DVD Review Of The Hitchhiker’s Guide To The Galaxy

Copyright © by Dan Schneider, 11/23/06


  The Hitchhiker’s Guide To The Galaxy is one of those films that seems a lot better if one has not read the source material it’s based upon- in this case the series of Hitchhiker books by Douglas Adams, the BBC radio shows, or the 1970s BBC television series of the same name. This was manifest immediately to me, as one who’d seen the repeats of the tv show on PBS, but never read the books. In just briefly skimming the online critical consensus this seems confirmed, for rarely does a film elicit such widely divergent reactions. Those critics who came to this film fresh invariably thought it was very good, while those with prior Hitchhiker bonafides thought this new version, by first time director Garth Jennings, who made his name in music videos, was horrible. Oddly, even though I fall into the latter camp, I thought it was a mildly amusing film, in the tradition of Mel Brooks’ Spaceballs, and it was scripted by Karey Kirkpatrick, who wrote the delightful claymation comedy Chicken Run, with help from Adams, before he died in 2000. This enjoyment I felt may have been due to the fact that although I enjoyed the old BBC series it’s been at least twenty years since I saw the show.

  The problem with the film is not really the film’s problem, but that the books have such a devoted cult following that even the slightest deviations from the canon seem to be taken personally by fans and critics alike, even though all basic tales must adapt to whatever medium they are in.
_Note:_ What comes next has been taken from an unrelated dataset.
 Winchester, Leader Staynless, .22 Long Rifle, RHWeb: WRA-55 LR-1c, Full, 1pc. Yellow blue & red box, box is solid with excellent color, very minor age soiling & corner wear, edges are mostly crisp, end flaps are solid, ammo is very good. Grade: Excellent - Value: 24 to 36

As long as they capture the essence of the work, that’s all that is required. And the essence is a work of humor somewhere between Jonathan Swift and Kurt Vonnegut. The special effects are also first rate, although they retain some of the cheesiness that BBC productions as the original series and Doctor Who made (in)famous- such as Jim Henson muppet Vogons, and there is a necessary chronological ordering of events that in the tv series were spread out between episodes. As for the main characters? Martin Freeman is very good as Arthur Dent, the earthman whose home is at the epicenter of both earthly and cosmic demolition forces. Rapper Mos Def is solid as Ford Prefect, his alien buddy, and Sam Rockwell is appropriately goofy as galactic President Zaphod Beeblebrox. Arthur’s and Zaphod’s love interest is the quirky Zooey Deschanel as Patricia McMillan, or Trillian, and the manically pessimistic robot Marvin is voiced by Alan Rickman.
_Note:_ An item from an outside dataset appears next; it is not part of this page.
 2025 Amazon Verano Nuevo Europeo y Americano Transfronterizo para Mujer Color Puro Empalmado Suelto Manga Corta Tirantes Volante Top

  When the earth is demolished by the dour Vogons, after a dolphin musical number, So Long, And Thanks For All The Fish, Dent and Ford hitchhike on a Vogon ship, while Trillian has been picked up by Zaphod at a bar. After many twists and turns in search of the ultimate answer to the universe and everything in it, which turns out to be forty-two, the gang finds out that Zaphod accidentally signed the papers that condemned earth. Of course, another earth is under construction, commissioned by mice determined to have Arthur’s brain to answer the cosmic query that dogs them, and the project is headed by Slartibartfast (Bill Nighy), an award winning planet designer who is proud of his work on Norway’s fjords. The end is rather silly, but so is the whole essence of the Hitchhiker universe, right down the very guide within the guide, itself, voiced by Stephen Fry, and the device works fairly well to tie up loose ends that would otherwise go over the heads of newbies to Adams’ universe. There are many scenes that are funny, but my favorite was one, near the end, when the Vogons come to demolish Arthur’s second home. First, Ford attacks the Vogons with a towel, which terrifies them, and then he buys the others precious time by closing a small garden gate, to which the foiled Vogon horde replies, ‘Oh no! We’ll have to the other way go around!’

  The DVD has many features, includeing real and fake deleted scenes, a dolphin singalong of So Long, And Thanks For All The Fish, and two commentaries- one with director and crew that is all Britishy humor and bad jokes, and the other with the film’s producer, which is quite a bit more informative on the making of the film and the mind of Douglas Adams. There are also some decent making of featurettes. Overall, even if one is not too thrilled with the film, the DVD extras make the effort a little more worthwhile. This zeitgeist may explain the many cameos in the film, by the likes of Jason Schwartzman and John Malkovich, although they are really given nothing to work with. Yet, Slartibartfast’s philosophy, ‘I’d rather be happy than right,’ is the sort that, if applied to the film’s many disappointed cultist detractors, is hard not to find some resonance with, even if, like him, real happiness has not been reached. Somehow, though, I think Douglas Adams would find their circumstance a hoot.